Narrative of the Life- Frederick Douglass found that in general, those closest to the cause of abolition would be more fervent in their views if they had material to back up the negatives of slavery. The Narrative of the Life of Frederick Douglass is both a memoir and anti-slavery treatise, possibly the most famous written during the period. Like Uncle Tom's Cabin, the book took off like wildfire in the pro-abolitionist North -- as well as Europe, and by 1860 had sold almost 30,000 copies, unheard of at this time (Matlack). The book, accentuated by material from William Lloyd Garrison, a journalist and social reformer who wrote the preface for the original book, can really be considered a classic rhetorical essay and call to arms against slavery on moral, religious, judicial, and scientific grounds. What is particularly insightful, though, is the way the book often uses the moral and ethical tenets of Christianity as the major source of its anti-slavery context, as well as the manner in which it portrays the slave, the slave owner, and the institution of slavery in rather harsh and somewhat one dimensional terms (McFeely).
Douglass portrayed White and Black women differently; in general Southern White Women were seen as more genteel and vulnerable, particularly when regularly left alone with their slaves. Indeed, Douglass seems to see that sometimes black men were indeed a sexual threat to White women; just as White men were often a sexual predator on Black women. In fact, he noted wrote a Southern White woman, Mrs. Wells, who wrote a pamphlet trying to balance these views and assure the world that the Black males was not a constant criminal threat, by saying, "[Mrs. Wells], Brave Woman! You have done your people and mine a service which can neither be weighed nor measured. If the American conscience were only half alive… a scream of horror, shame and indignation would rise to heaven…" (McFeely, 362).

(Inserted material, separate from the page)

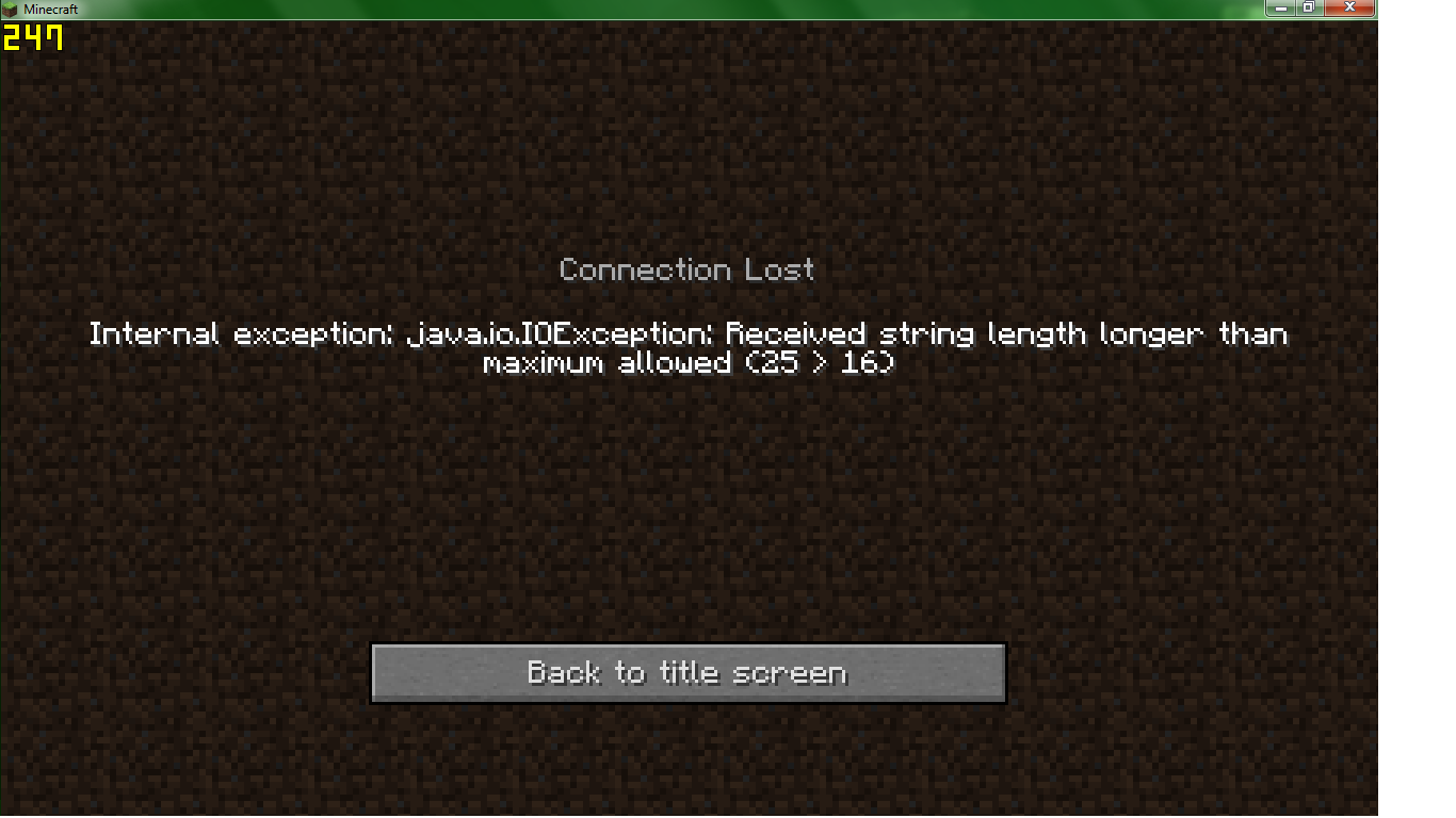 When i try to connect to my server This is displayed "Internal exception: java.IOException: Received string length longer than maximum allowed (25 > 16. Also displayed of friends computer when trying to join LAN

Still, in his autobiography, he did not see the economic difference as much as others, "We were all ranged together at the valuation. Men and women, old and young, married and single, were ranked with horses, sheep and swine. There were horses and men, cattle and women, pigs and children, all holding the same rank in the scale of being" (45). Yet women were the holders of the future, the real power in slave society, and the way that children could be taught to resist slavery, to know that there was something better, and to understand that the world was not always like the plantation; "The whisper that my master was my father, may or may not be true; and, true or false, it is of but little consequence to my purpose, whilst the fact remains, in all its glaring odiousness, that slaveholders have ordained, and by law established, that the children of slave women shall in all cases follow the condition of their mother…" (3). Too, Douglass paints a picture in which the women was the hub of the wheel within slave society, but it was the family that mattered -- that could allow humans to exist in such conditions, and could be the institution that might change the face of slavery forever,: The warm defender of the sacredness of the family relation is the same that scatters whole families, - sundering husbands and wives, parents and children, sisters and brothers -- leaving the hut vacant, and the hearth desolate" (119).